There is a sequence with N positive integers A1,A2,…,An and M queries. Each query will give you an interval [L,R] and require an answer with YES / NO indicates that whether the numbers in this interval are continuous in its integer range.
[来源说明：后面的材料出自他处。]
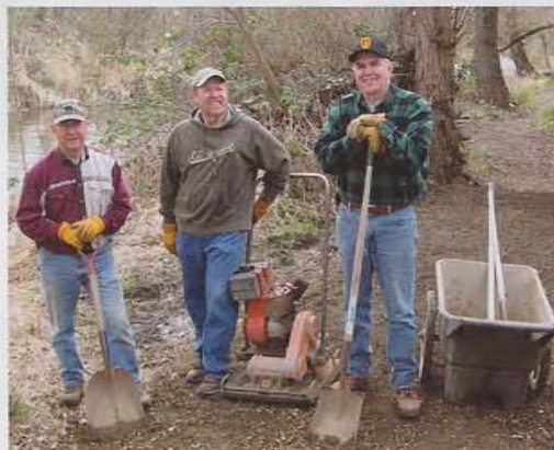
Our skilled crew leaders create a rewarding and positive learning environment at each workday.

Let us assume that the maximal number in an interval is mx and the minimal number is mi. The numbers in this interval are continuous in its integer range means that each number from mi to mx appears at least once in this interval.
輸入
The input starts with one line contains exactly one positive integer T which is the number of test cases. And then there are T cases follow.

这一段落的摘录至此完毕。